Every retailer has to make some fundamental choices in terms of the merchandise to be stocked. More than a decade ago, the concept of category management revolutionized retailing and its fundamental approach towards merchandising. Category Management is a way of managing products on the level of a product group, rather than on the level of single product. At the core of the Category management concept is a focus on a better understanding of consumer needs as the basis for retailers and suppliers strategies goals and work processes.
The evolution of the concept of category management is closely linked to the development in the field of supply chain management and technology. Technology palsy a key role, as information is a key enabler. The idea is to use this information to tailor the product offering to consumer needs. The offering is then measured in terms of sales, cost and returns per square foot. The whole process is aimed at providing customer satisfaction and at the same time, maximizing returns for the organization. This focus causes a re-evaluation of many prevalent business practices, which may have obstructed a greater understanding of consumer needs and opportunities
We start this article by understanding the concept of category management and then look at the reasons for the emergence of the concept and finally, at the business process in which it occurs.
The Concept of Category Management:
Category management is considered as the new science of retailing for three basic reasons. First, it involves a systematic process that has been shown to be robust in various retail situations across the US, Europe, South Africa, Australia and Latin America. Second, it emphasizes decision making based on complex analyses of consumer data, scanner data and market level syndicated data. Third, category management replaces the brand bias that stems from a supplier’s interest in maximizing market objective view based on the consumer’s desires.
Quite simply, category management involves organizing and managing promotions merchandising and distribution activity around the way consumers view and buy a product. A more formal definition would be Category management is a retailer supplier process of managing categories as strategic business units (SBU’s) producing enhanced results by focusing on delivering consumer value.
Which then brings us to the question – what is a category? A category is a distinct manageable group of products or services that consumers perceive to be inter related and /or substitutable. It must be noted here that the focus of both the category and category management is the consumer and providing her with a range of products and services that offer more value.
Category management can be defined as the distributor/supplier process of managing categories as strategic business units, producing enhanced business results by focusing on delivering consumer value. Thus, a category is a basic unit of analysis for making merchandising decisions. In general, a category is an assortment of items that the customer sees as reasonable substitutes for each other.
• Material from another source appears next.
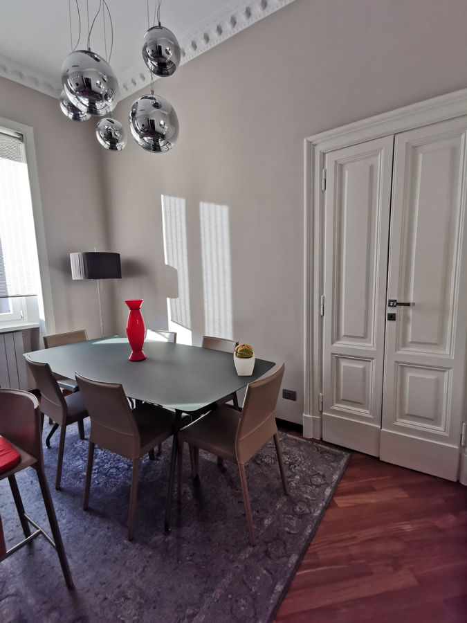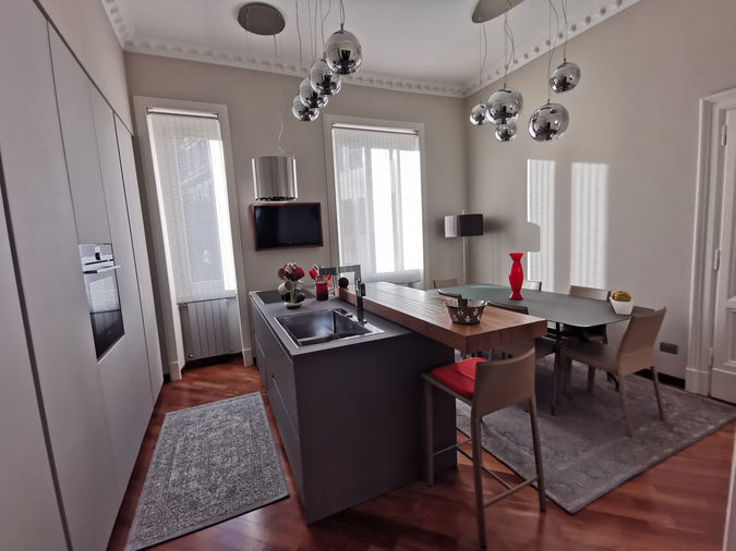 La cucina è stata ricavata dall'unione di due ambienti: il bagno (molto stretto secondo gli usi dell'epoca) e una camera. Si crea così un ambiente unico che comprende la cucina con isola, provvista di piano snack per uno spuntino veloce o per la colazione, e un comodo tavolo da pranzo.

The fundamentals of category management revolve round managing categories as strategic Business units.
Brain Harris describes category management in terms of a three step definition encompassing a philosophy, a process and an organizational concept:
First, it is philosophy for strategically managing a retailer’s or a supplier’s business that recognizes categories as strategic business units for the purposes of planning and achieving sales and profit goals. Inherent in this philosophy is the belief that simply managing at the departmental level (grocery, meat, health, and beauty care etc) does not provide adequate strategic focus.
By adopting category management, the retailer seeks sustainable competitive differentiation and advantage by competing on a category by category basis. By managing the category as a strategic business unit, the retailer aims at providing more value to customers. While there are variations the eight step approach developed by The Partnering Group had been adopted as best practice by ECR consortia in the US, Europe and Brazil.